[Dataset excerpts]
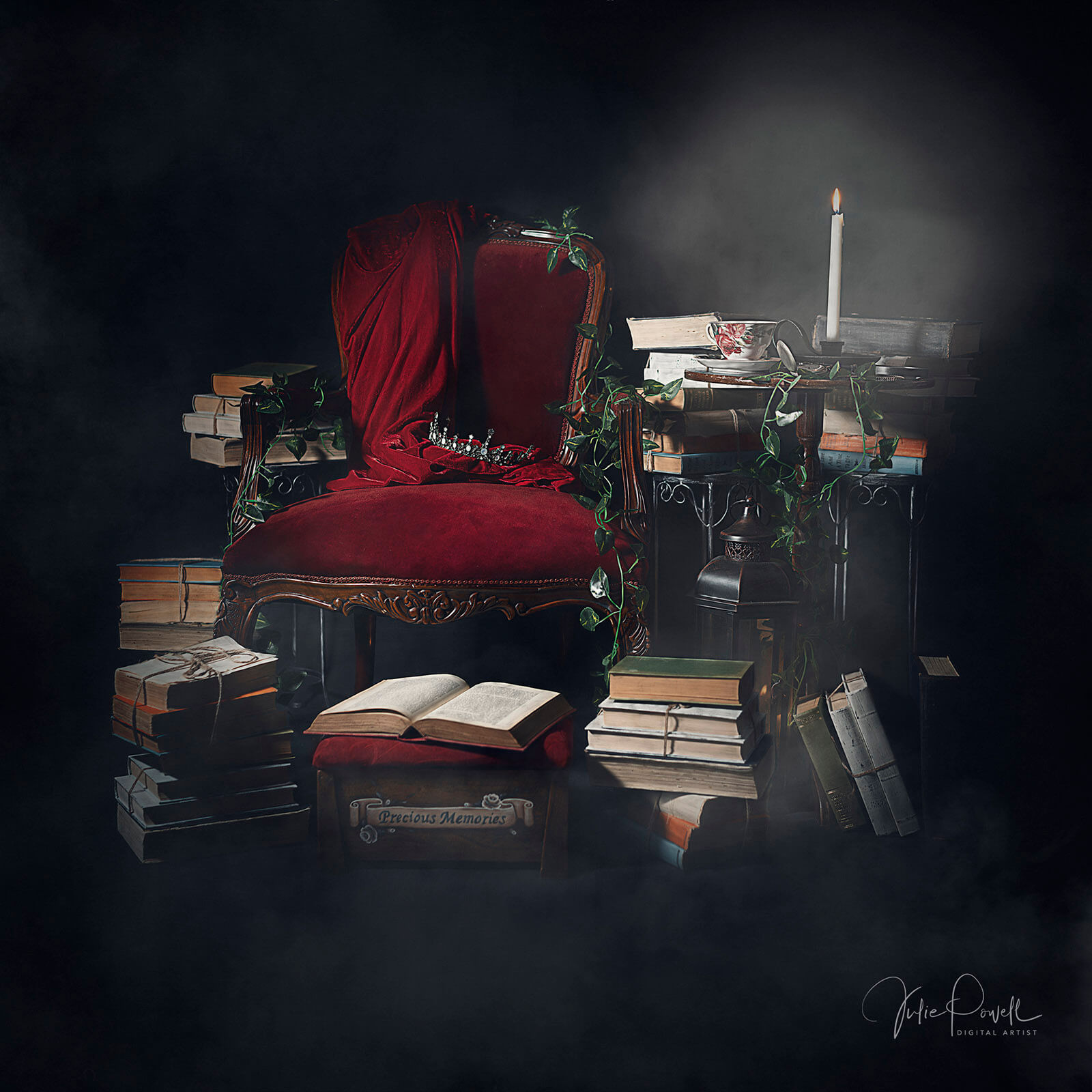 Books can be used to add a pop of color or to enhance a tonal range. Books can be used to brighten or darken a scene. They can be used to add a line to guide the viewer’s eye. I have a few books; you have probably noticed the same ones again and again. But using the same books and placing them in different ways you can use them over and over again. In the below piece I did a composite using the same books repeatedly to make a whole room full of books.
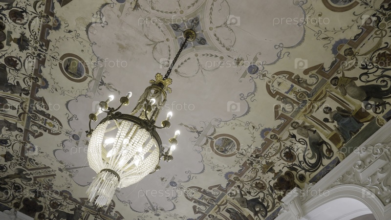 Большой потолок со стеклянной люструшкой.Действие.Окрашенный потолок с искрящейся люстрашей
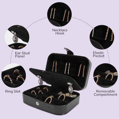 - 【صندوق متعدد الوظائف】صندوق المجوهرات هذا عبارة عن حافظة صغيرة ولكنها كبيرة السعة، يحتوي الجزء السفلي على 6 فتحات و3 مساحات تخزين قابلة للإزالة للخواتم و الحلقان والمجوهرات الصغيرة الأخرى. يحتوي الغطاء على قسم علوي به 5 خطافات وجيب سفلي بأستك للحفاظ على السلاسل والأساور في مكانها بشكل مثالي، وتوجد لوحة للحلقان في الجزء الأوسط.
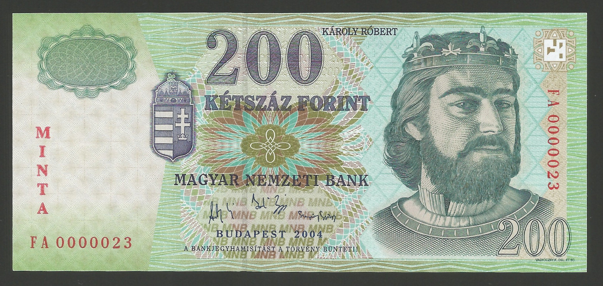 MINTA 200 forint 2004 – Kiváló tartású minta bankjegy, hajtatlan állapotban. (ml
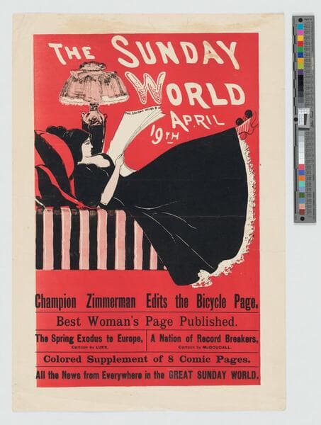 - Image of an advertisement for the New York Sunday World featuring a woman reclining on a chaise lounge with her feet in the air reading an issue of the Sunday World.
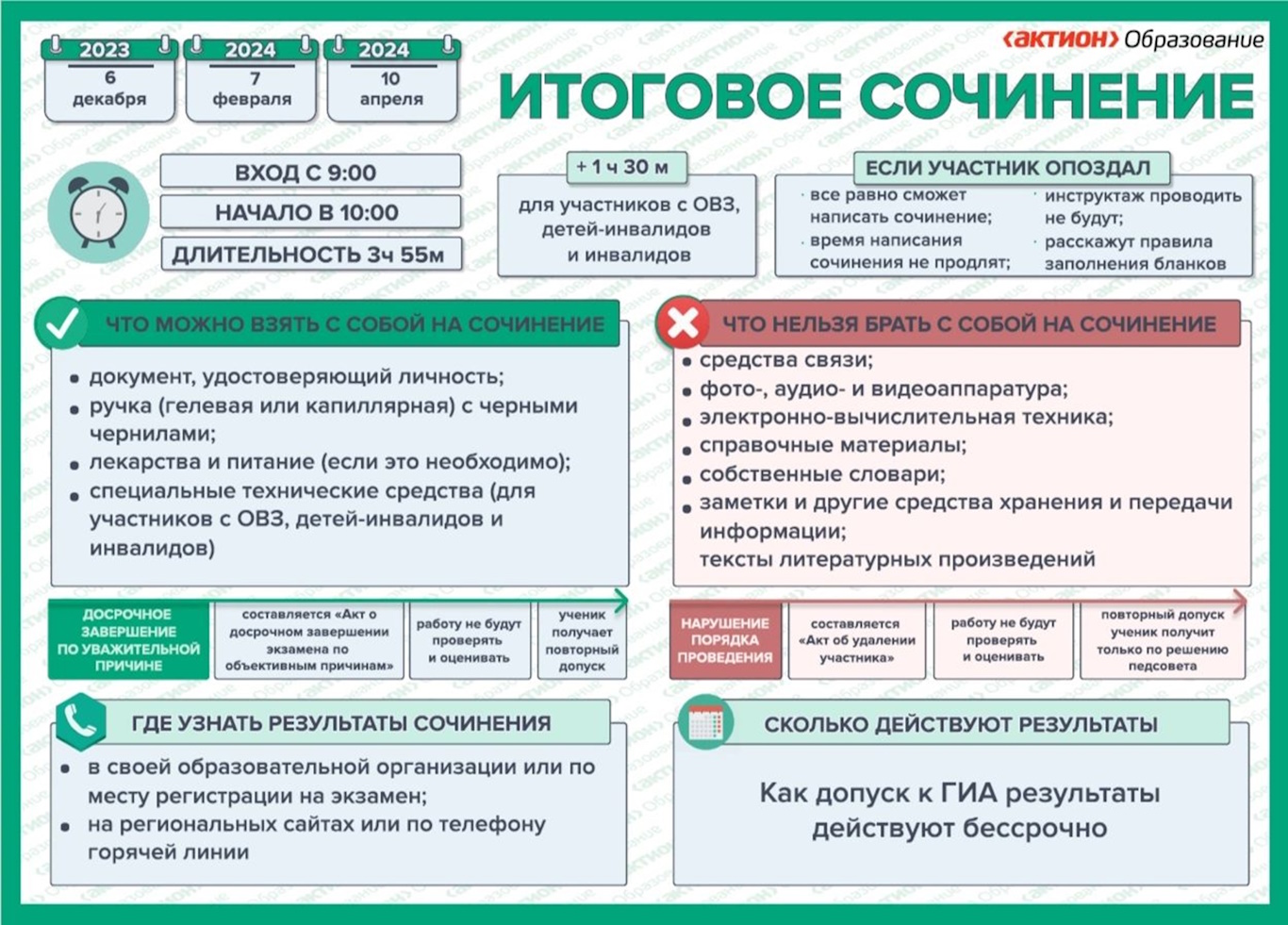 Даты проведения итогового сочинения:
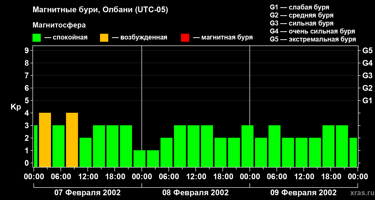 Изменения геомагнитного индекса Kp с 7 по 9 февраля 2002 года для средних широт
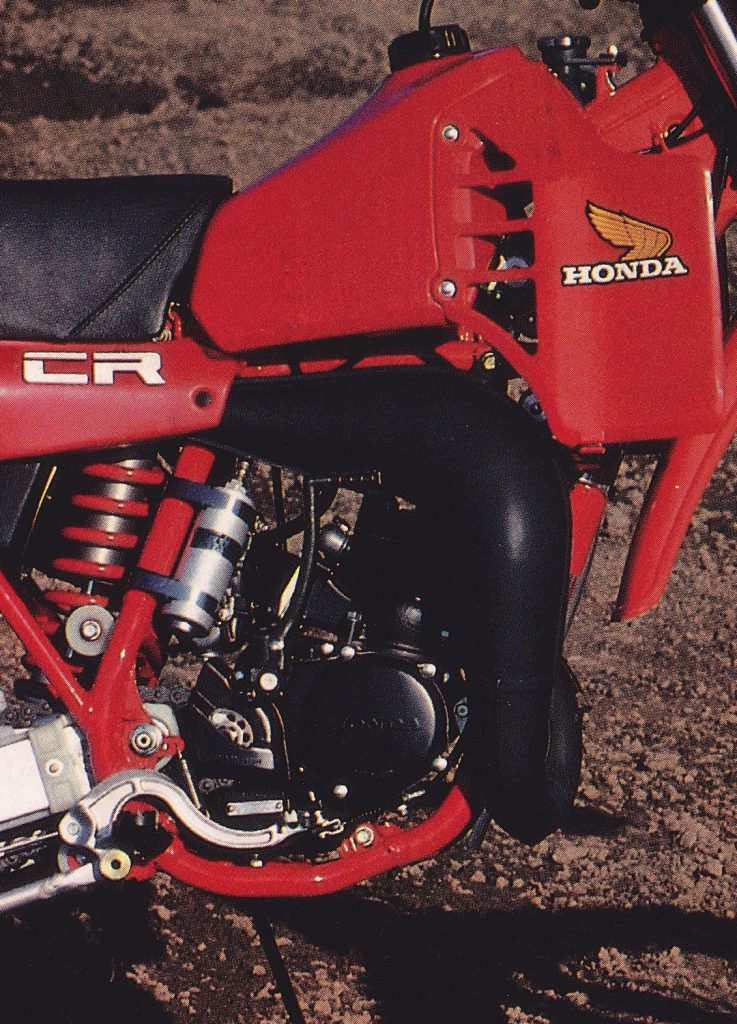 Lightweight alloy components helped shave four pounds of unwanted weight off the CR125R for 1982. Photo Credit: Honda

### Problem details
Copy word for word each line of the data above, from the first through the one containing "Изменения геомагнитного индекса", and include no pictures.

### Task result
 Books can be used to add a pop of color or to enhance a tonal range. Books can be used to brighten or darken a scene. They can be used to add a line to guide the viewer’s eye. I have a few books; you have probably noticed the same ones again and again. But using the same books and placing them in different ways you can use them over and over again. In the below piece I did a composite using the same books repeatedly to make a whole room full of books.
 Большой потолок со стеклянной люструшкой.Действие.Окрашенный потолок с искрящейся люстрашей
 - 【صندوق متعدد الوظائف】صندوق المجوهرات هذا عبارة عن حافظة صغيرة ولكنها كبيرة السعة، يحتوي الجزء السفلي على 6 فتحات و3 مساحات تخزين قابلة للإزالة للخواتم و الحلقان والمجوهرات الصغيرة الأخرى. يحتوي الغطاء على قسم علوي به 5 خطافات وجيب سفلي بأستك للحفاظ على السلاسل والأساور في مكانها بشكل مثالي، وتوجد لوحة للحلقان في الجزء الأوسط.
 MINTA 200 forint 2004 – Kiváló tartású minta bankjegy, hajtatlan állapotban. (ml
 - Image of an advertisement for the New York Sunday World featuring a woman reclining on a chaise lounge with her feet in the air reading an issue of the Sunday World.
 Даты проведения итогового сочинения:
 Изменения геомагнитного индекса Kp с 7 по 9 февраля 2002 года для средних широт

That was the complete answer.